At block 402, the method 400 obtains at least two skin tones corresponding to color(s) s representing at least two different portions of a hand of a user. For example, the method 400 may obtain a skin tone of palm side 205a of a hand and a skin tone of a back side 205b of a hand as illustrated in FIG. 2. In some implementations, the at least two skin tones comprise a first skin tone (e.g., a color(s)) representing a back portion of the hand of the user and a second skin tone (e.g., a color(s)) representing a palm portion of the hand of the user.
In some implementations, the at least two skin tones are generated based on information representing a portion of a face of the user in combination with images of the hand of the user. In some implementations, determining the at least two skin tones occurs during an enrollment process.
In some implementations, the portion of the face of the user is a patch of facial texture retrieved from delighted face enrollment data.
At block 404, the method 400 determines a hand texture, such as reconstructed texture 214 of FIG. 2, representing a spatial arrangement of color representing an appearance of the hand. The hand texture may be determined based on the at least two skin tones and hand texture sample data corresponding to sample hand textures corresponding to, inter alia, synthetic hand images, at least some individuals other than the user, etc. In some implementations, the spatial arrangement of colors comprise pixels representing multiple colors associated with differing portions of the hand of the user.
In some implementations, determining the hand texture may include selecting a texture from the hand texture sample data via any type of statistical process with respect to the at least two skin tones.
In some implementations, determining the hand texture comprises selecting a texture from the hand texture sample data via an interpolation process with respect to the at least two skin tones.
In some implementations, determining the hand texture may include: compressing the sample hand textures via execution of a principal component analysis (PCA), a VAE, etc.; and removing identifying details (e.g., scars, tattoos, etc.) from the sample hand textures via execution of the PCA or VAE.
In some implementations, the hand texture is determined during an enrollment process and stored for future use. The future use may include a live communication session between the user and an additional user. Alternatively, the future use may include displaying a 3D representation of the user with the 3D representation of the hand.
At block 406, the method 400 determines a hand structure, such as hand structure/mesh 226 as illustrated in FIG. 2, associated with physical attributes (e.g., a bone length) of the hand. In some implementations, pixel values of the hand texture are mapped to vertices of a 3D hand mesh, representing the hand structure, to provide an appearance for the 3D representation of the hand. The vertices of the 3D hand mesh may be based on the current 3D position of the hand.
At block 408, the method 400 provides the hand structure and the hand texture for use in generating a three-dimensional (3D) representation of the hand as a part of 3D hand/user representation 228 as illustrated in FIG. 2. The hand texture and hand structure may be determined during an enrollment process and stored for later use, e.g., during live communication sessions. During display of the user representation, the generated hand texture's pixel values may be mapped to vertices of a 3D hand mesh (which may be based on the hand's current 3D position/configuration) to provide the appearance of the 3D user hand representation.
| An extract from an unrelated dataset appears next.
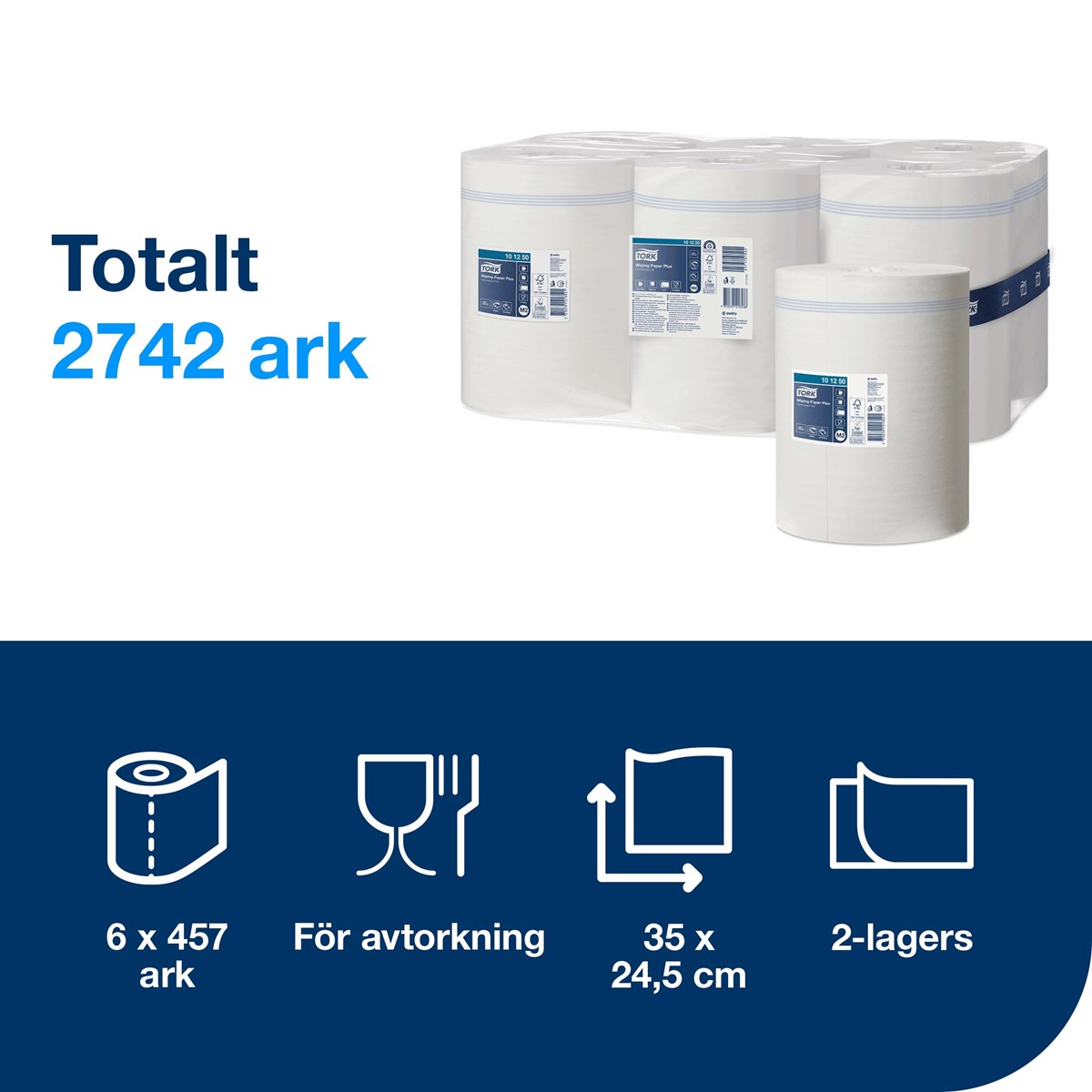 Spill hör till vanligheterna i kök med högt tempo och i industrilokaler där det kan vara tidsödande att städa upp. Använd vårt tåliga och absorberande Tork Avtorkningspapper Plus för att snabbt torka upp vätskor och torka av händerna. Rullens centrummatade dispenser har en hög kapacitet och obegränsad utmatning för att personal ska kunna ta så mycket industriellt papper som de behöver. Tork slutindikator möjliggör för personalen att planera byten av rullar, vilket motverkar avbrott i arbetet.6 rullar, med 457 dukar vardera. 2-lagers. Advanced-kvalitet. Storlek på rulle: D 160 m, B 24.5 cm. Arkets längd: 35 cm. Passar med M2 dispensrar.

FIG. 5 is a block diagram of an example device 500. Device 500 illustrates an exemplary device configuration for electronic device of FIG. 1. While certain specific features are illustrated, those skilled in the art will appreciate from the present disclosure that various other features have not been illustrated for the sake of brevity, and so as not to obscure more pertinent aspects of the implementations disclosed herein. To that end, as a non-limiting example, in some implementations the device 500 includes one or more processing units 502 (e.g., microprocessors, ASICs, FPGAs, GPUs, CPUs, processing cores, and/or the like), one or more input/output (I/O) devices and sensors 504, one or more communication interfaces 508 (e.g., USB, FIREWIRE, THUNDERBOLT, IEEE 802.3x, IEEE 802.11x, IEEE 802.14x, GSM, CDMA, TDMA, GPS, IR, BLUETOOTH, ZIGBEE, SPI, I2C, and/or the like type interface), one or more programming (e.g., I/O) interfaces 510, output devices (e.g., one or more displays) 512, one or more interior and/or exterior facing image sensor systems 514, a memory 520, and one or more communication buses 504 for interconnecting these and various other components.
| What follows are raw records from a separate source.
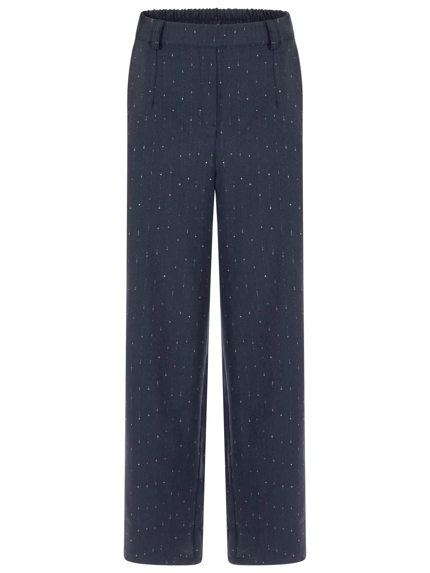 Broek van SAAR met een ingeweven glansdraad, elastische tailleband, riemlussen, steekzakken en paspelzakken aan de achterzijde.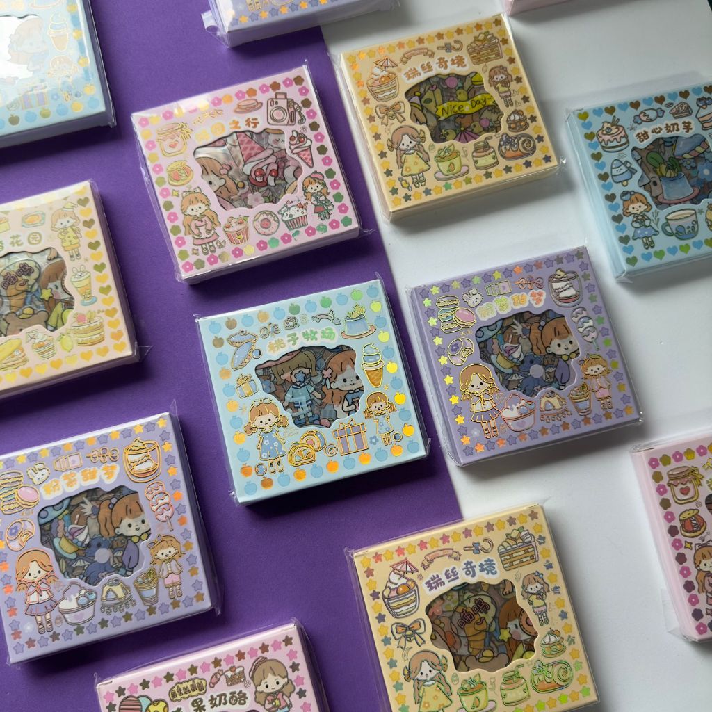 Caixinha com 100 cartelas de adesivos decorativos transparentes - resistente à água - Tamanho 8x8 - Papelaria Fofa - Kawaii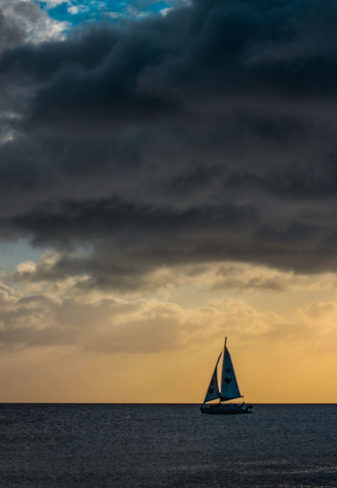 This photo beautifully captures the dark, ominous clouds as they rolled in at dusk over a sailboat making its way back to shore, trying to beat the impending storm and darkness.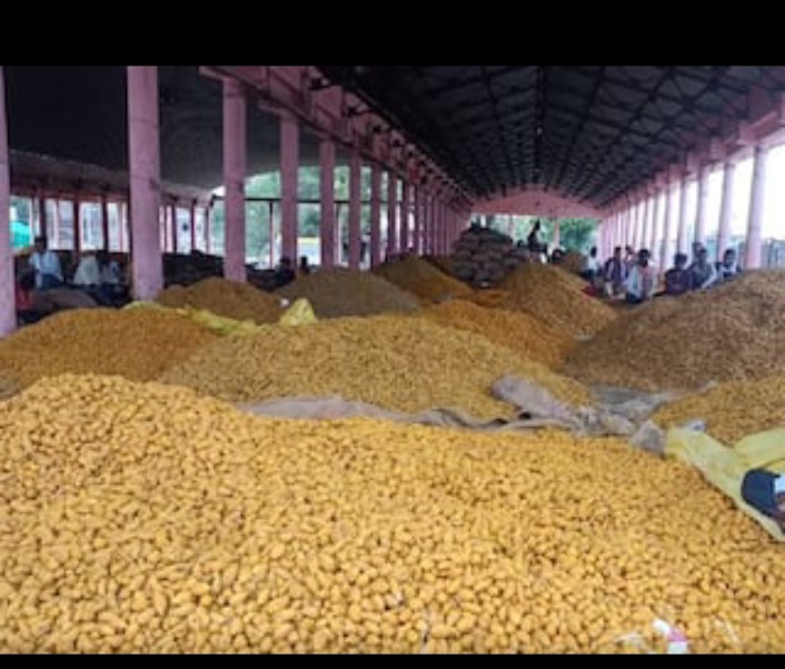 हिंगोली येथील कृषी उत्पन्न बाजार समितीच्या यार्डात सोमवारी हळदीची मोठ्या प्रमाणात आवक झाली होती.

In some implementations, the one or more communication buses 504 include circuitry that interconnects and controls communications between system components. In some implementations, the one or more I/O devices and sensors 505 include at least one of an inertial measurement unit (IMU), an accelerometer, a magnetometer, a gyroscope, a thermometer, one or more physiological sensors (e.g., blood pressure monitor, heart rate monitor, blood oxygen sensor, blood glucose sensor, etc.), one or more microphones, one or more speakers, a haptics engine, one or more depth sensors (e.g., a structured light, a time-of-flight, or the like), one or more cameras (e.g., inward facing cameras and outward facing cameras of an HMD), one or more infrared sensors, one or more heat map sensors, and/or the like.
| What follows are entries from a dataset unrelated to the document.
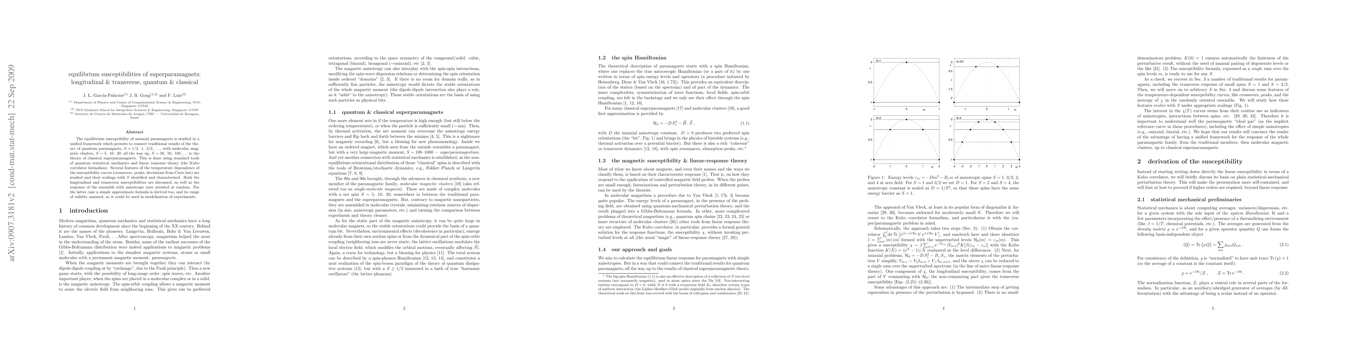 The equilibrium susceptibility of uniaxial paramagnets is studied in a unified framework which permits to connect traditional results of the theory of quantum paramagnets, $\Sm=1/2, 1, 3/2$, ..., with molecular magnetic clusters, $\Sm\sim5, 10, 20$, all the way up, $\Sm=30, 50, 100$,... to the theory of classical superparamagnets. This is done using standard tools of quantum statistical mechanics and linear response theory (the Kubo correlator formalism). Several features of the temperature dependence of the susceptibility curves (crossovers, peaks, deviations from Curie law) are studied and their scalings with $\Sm$ identified and characterized. Both the longitudinal and transverse susceptibilities are discussed, as well as the response of the ensemble with anisotropy axes oriented at random. For the latter case a simple approximate formula is derived too, and its range of validity assessed, so it could be used in modelization of experiments.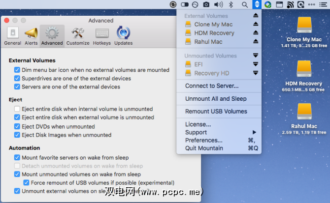 1 。 Mountain:从菜单栏管理外部驱动器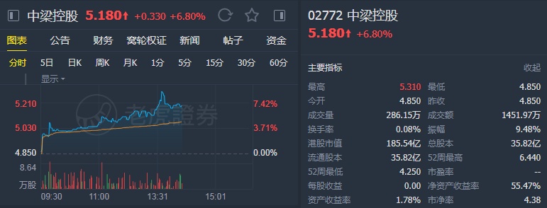 该行预计,中梁2019年的核心利润同比增长102%至39亿元人民币,2020年同比增长23%至48亿元人民币,派息率40%,则2019年的股息收益率将达11.3%,2020年的股息收益率更将达12.3%,公司是该行覆盖股中的最高之一。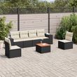 Salon de jardin 7 pcs avec coussins noir resine tressee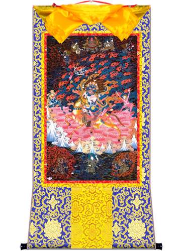 因是佛教圣相,所以我們選用的裝裱材料均是現在能有的最好的裝裱材料,正面選用定制的高檔棉織金絲錦緞很多仿制的是化纖材料,織繡藏傳佛教的富貴蓮花圖案,背面使用加厚仿真絲黃色綢緞布,手工精細裝裱而成,帶掛軸,照面,可直接懸掛到墻上。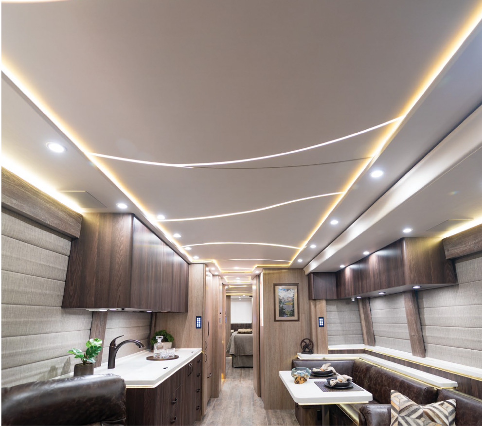 Twenty years of research and development have gone into Marathon's efficient, hidden air-conditioning system and ducting. Most companies use vents that force the air straight down, but Marathon's vents are unique: they can't be seen and they move air in a horizontal flow. Even when the slides are in, this design lets the air drop down and diffuse into the coach, creating perfect circulation when a coach is on the road and when it's not. The ducting is quiet and the design allows for another way to add LED lights to the walls and ceiling. LEDs add a softer source of illumination throughout the coach and virtually eliminate the need for overhead lights. This system - so unique and completely invisible - is just one way Marathon merges function and style in our coaches.

In some implementations, the one or more displays 512 are configured to present a view of a physical environment, a graphical environment, an extended reality environment, etc. to the user. In some implementations, the one or more displays 512 are configured to present content (determined based on a determined user/object location of the user within the physical environment) to the user. In some implementations, the one or more displays 512 correspond to holographic, digital light processing (DLP), liquid-crystal display (LCD), liquid-crystal on silicon (LCoS), organic light-emitting field-effect transitory (OLET), organic light-emitting diode (OLED), surface-conduction electron-emitter display (SED), field-emission display (FED), quantum-dot light-emitting diode (QD-LED), micro-electromechanical system (MEMS), and/or the like display types. In some implementations, the one or more displays 512 correspond to diffractive, reflective, polarized, holographic, etc. waveguide displays. In one example, the device 500 includes a single display. In another example, the device 500 includes a display for each eye of the user.
In some implementations, the one or more image sensor systems 514 are configured to obtain image data that corresponds to at least a portion of the physical environment 100. For example, the one or more image sensor systems 514 include one or more RGB cameras (e.g., with a complimentary metal-oxide-semiconductor (CMOS) image sensor or a charge-coupled device (CCD) image sensor), monochrome cameras, IR cameras, depth cameras, event-based cameras, and/or the like. In various implementations, the one or more image sensor systems 514 further include illumination sources that emit light, such as a flash. In various implementations, the one or more image sensor systems 514 further include an on-camera image signal processor (ISP) configured to execute a plurality of processing operations on the image data.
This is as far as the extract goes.